Hey everyone,
I’m an archery coach, and I’ve been using Airtable for a few years to manage information about the people who participate in our archery club and their achievements. I’m trying to figure out the best way to track the relationships among the archery students and their parents or guardians. Note: it’s possible for someone who is a parent of one of the archery students to be a student in our program themselves. This is complicating the design.
So let’s consider two tables from my base: People
and Sessions
.
┌─────────────────┐ ┌──────────────────┐
│People │ │Sessions │
├─────────────────┤ ├──────────────────┤
╱│Name │╲ ╱│Session Name │
┌────│Sessions │───────│Start Date │
│ ╲│Related People │╱ ╲│End Date │
│ │is_current │ │Participants │
│ └─────────────────┘ └──────────────────┘
│ ╲│╱
│ │
└─────────────┘
The People
table holds information about everyone: participants, parents/guardians, etc. For a participant, the Related_People
field holds one or more references to other people in the People
table. For a parent or guardian, that field has references to one or more of their children who are participants. Again, a parent could also be a participant in this scenario.
The is_current
field is a formula field that holds a 1 or 0 based on whether that participants is enrolled in the current session. (Side note: I like to use field names that look like variables in computer programs for fields that are intended function more or less like variables.)

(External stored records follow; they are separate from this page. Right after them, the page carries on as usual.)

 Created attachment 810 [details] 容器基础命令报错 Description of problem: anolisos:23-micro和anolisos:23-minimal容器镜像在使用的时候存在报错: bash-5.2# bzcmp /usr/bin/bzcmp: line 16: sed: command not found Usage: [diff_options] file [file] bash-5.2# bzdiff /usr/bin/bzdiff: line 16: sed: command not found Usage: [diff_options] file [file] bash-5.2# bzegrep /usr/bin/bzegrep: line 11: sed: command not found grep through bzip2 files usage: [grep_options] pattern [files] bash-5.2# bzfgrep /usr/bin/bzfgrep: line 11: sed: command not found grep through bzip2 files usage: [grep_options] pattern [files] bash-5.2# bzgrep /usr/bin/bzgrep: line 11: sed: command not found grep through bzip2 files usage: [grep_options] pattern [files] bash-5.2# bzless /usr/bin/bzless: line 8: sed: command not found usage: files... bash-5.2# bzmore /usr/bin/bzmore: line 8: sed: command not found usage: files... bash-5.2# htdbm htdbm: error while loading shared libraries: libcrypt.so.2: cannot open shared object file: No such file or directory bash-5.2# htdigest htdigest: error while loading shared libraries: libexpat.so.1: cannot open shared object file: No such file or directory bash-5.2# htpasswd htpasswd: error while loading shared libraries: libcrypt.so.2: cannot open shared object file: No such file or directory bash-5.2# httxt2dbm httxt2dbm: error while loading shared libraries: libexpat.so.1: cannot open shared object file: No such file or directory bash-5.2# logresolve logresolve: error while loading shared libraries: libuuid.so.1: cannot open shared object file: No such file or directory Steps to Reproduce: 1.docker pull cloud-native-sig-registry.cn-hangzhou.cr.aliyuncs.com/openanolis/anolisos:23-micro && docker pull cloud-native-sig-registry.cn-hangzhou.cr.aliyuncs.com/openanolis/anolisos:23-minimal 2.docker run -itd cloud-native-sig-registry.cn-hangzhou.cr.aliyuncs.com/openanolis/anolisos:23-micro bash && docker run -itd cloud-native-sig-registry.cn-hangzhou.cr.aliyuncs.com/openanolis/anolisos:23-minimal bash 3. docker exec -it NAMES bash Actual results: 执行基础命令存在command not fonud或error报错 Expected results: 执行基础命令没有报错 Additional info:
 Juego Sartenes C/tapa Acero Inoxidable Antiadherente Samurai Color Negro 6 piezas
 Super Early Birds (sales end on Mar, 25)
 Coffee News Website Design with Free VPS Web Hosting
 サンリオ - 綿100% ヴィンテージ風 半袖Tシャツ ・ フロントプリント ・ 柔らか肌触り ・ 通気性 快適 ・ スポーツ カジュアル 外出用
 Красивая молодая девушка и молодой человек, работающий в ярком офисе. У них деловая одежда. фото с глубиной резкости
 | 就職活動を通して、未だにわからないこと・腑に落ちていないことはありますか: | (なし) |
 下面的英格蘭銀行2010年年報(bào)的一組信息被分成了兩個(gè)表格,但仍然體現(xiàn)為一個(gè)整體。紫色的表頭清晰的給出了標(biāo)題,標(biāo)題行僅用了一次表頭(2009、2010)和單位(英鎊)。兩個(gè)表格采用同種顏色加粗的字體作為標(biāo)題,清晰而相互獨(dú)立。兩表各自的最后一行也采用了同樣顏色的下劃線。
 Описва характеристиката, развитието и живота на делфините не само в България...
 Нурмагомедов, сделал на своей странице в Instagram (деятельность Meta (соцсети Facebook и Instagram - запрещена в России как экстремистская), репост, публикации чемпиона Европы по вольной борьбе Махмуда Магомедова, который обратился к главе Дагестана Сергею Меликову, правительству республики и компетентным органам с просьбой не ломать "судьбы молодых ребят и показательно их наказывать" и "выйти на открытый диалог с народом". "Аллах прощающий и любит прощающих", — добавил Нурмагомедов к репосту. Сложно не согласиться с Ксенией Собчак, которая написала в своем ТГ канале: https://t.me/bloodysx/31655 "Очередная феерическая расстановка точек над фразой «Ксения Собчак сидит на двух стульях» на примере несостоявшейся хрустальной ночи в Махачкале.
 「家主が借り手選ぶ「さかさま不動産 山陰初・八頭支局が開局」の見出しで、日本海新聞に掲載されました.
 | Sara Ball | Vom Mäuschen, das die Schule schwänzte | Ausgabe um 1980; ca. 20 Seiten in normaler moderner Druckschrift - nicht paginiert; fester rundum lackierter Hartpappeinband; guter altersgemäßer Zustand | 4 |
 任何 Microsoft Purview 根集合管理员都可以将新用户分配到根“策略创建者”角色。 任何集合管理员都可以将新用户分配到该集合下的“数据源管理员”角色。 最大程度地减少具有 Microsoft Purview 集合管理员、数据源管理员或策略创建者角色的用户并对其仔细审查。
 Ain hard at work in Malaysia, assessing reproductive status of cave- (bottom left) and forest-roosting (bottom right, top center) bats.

I can pretty easily figure out whether a participant is_current
by checking to see if they are enrolled in the most recent session. The challenge is getting the parents (or any other related person) of a current participant to also show a 1
in the is_current
field. I’d like to have a view in my base that shows all currently enrolled participants and anyone who has a relationship with one or more of them.
I also considered using a third table to store information about the relationships, and as a side benefit that would allow me to also store additional info about the type of relationship (i.e. parent, grandparent, sibling, etc.). So I would be open to hearing thoughts about that approach as well.
Eventually, this will all find its way to a Glide App that our team coaches can use to quickly contact participants or their parents.